24/05/2012

lean thinking courses

Publié par Unknown

Lean manufacturinglean enterprise, or lean production, often simply, "Lean," is a production
practice that considers the expenditure of resources for any goal other than the creation of value 
for the end customer to be wasteful, and thus a target for elimination. Working from the perspective
 of the customer who consumes a product or service, "value" is defined as any action or process that
 a customer would be willing to pay for.
Essentially, lean is centered on preserving value with less work. Lean manufacturing is a management philosophy derived mostly from the Toyota Production System (TPS) (hence the term Toyotism is also prevalent) and identified as "Lean" only in the 1990s. TPS is renowned for its focus on reduction of the original
 Toyota seven wastes to improve overall customer value, but there are varying perspectives on how
 this is best achieved.

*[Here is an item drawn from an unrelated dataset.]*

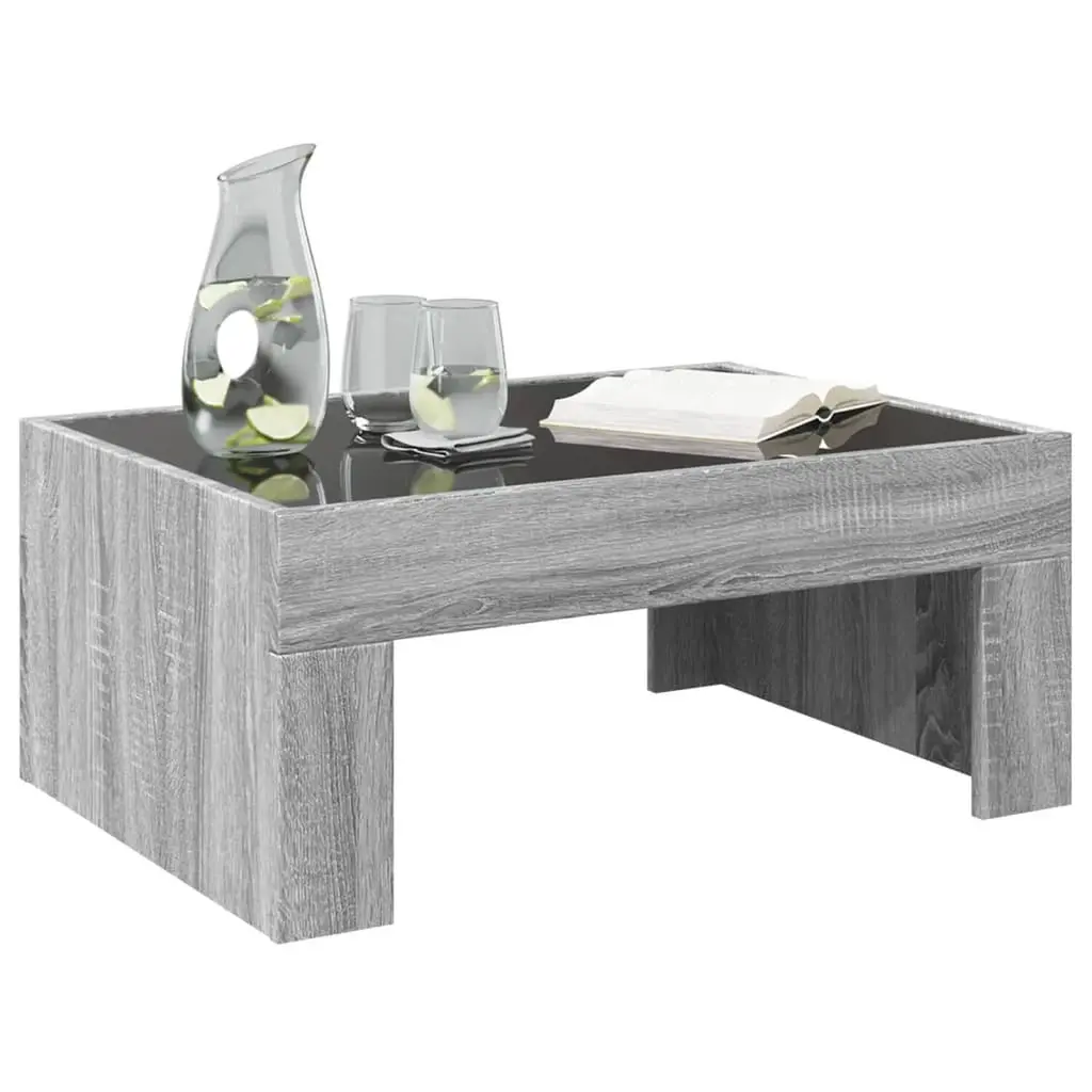 This modern coffee table is the perfect mix of style and function, making it a must-have for any contemporary living area. At 27.6 in long, 19.7 in wide, and 11.8 in high, it’s got plenty of space for drinks, books, and decorative bits, while the stunning grey sonoma finish brings a touch of class. Use it as a coffee table in a cozy living room or as a chic accent piece in the bedroom, drawing attention with its sleek lines and smooth feel. The built-in LED lights make it even better, offering a warm glow to help you relax and have good chats. Built-In Lighting: The integrated LED lighting transforms ordinary gatherings into extraordinary experiences, illuminating your living space with a warm and dynamic glow. This feature not only adds a modern touch but also enhances the vibe of any occasion, whether it’s a casual coffee break or an evening get-together with friends. Contemporary Design: With its clean lines and minimalistic approach, this coffee table represents modern design principles, ensuring it blends effortlessly into various home aesthetics. Whether paired with vibrant sofas or neutral décor, this table enhances your interior without overwhelming it. Durable Materials: Constructed from engineered wood and a sleek glass surface, this coffee table promises both durability and elegance. Its sturdy build can support up to 66.1 lb, making it perfect for everyday use without compromising on style. Versatile Use: This piece is not just a coffee table; it's a multifunctional furniture solution suitable for different settings. Use it in your living room for coffee service or as a bedside table in your bedroom to display decorative items and essentials. Dynamic Lighting Control: The remote-controlled LED lights add convenience and adaptability to your home décor, allowing you to adjust the ambiance to fit your mood or occasion effortlessly.

The steady growth of Toyota, from a small company to the world's largest automaker,
 has focused attention on how it has achieved this.
Lean manufacturing is a variation on the theme of efficiency based on optimizing flow; it is a present-day instance of the recurring theme in human history toward increasing efficiency, decreasing waste, 
and using empirical methods to decide what matters, rather than uncritically accepting pre-existing ideas.
 As such, it is a chapter in the larger narrative that also includes such ideas as the folk wisdom of thrift,
 time and motion study, Taylorism, the Efficiency Movement, and Fordism. Lean manufacturing is often 
seen as a more refined version of earlier efficiency efforts, building upon the work of earlier leaders such as 
Taylor or Ford, and learning from their mistakes.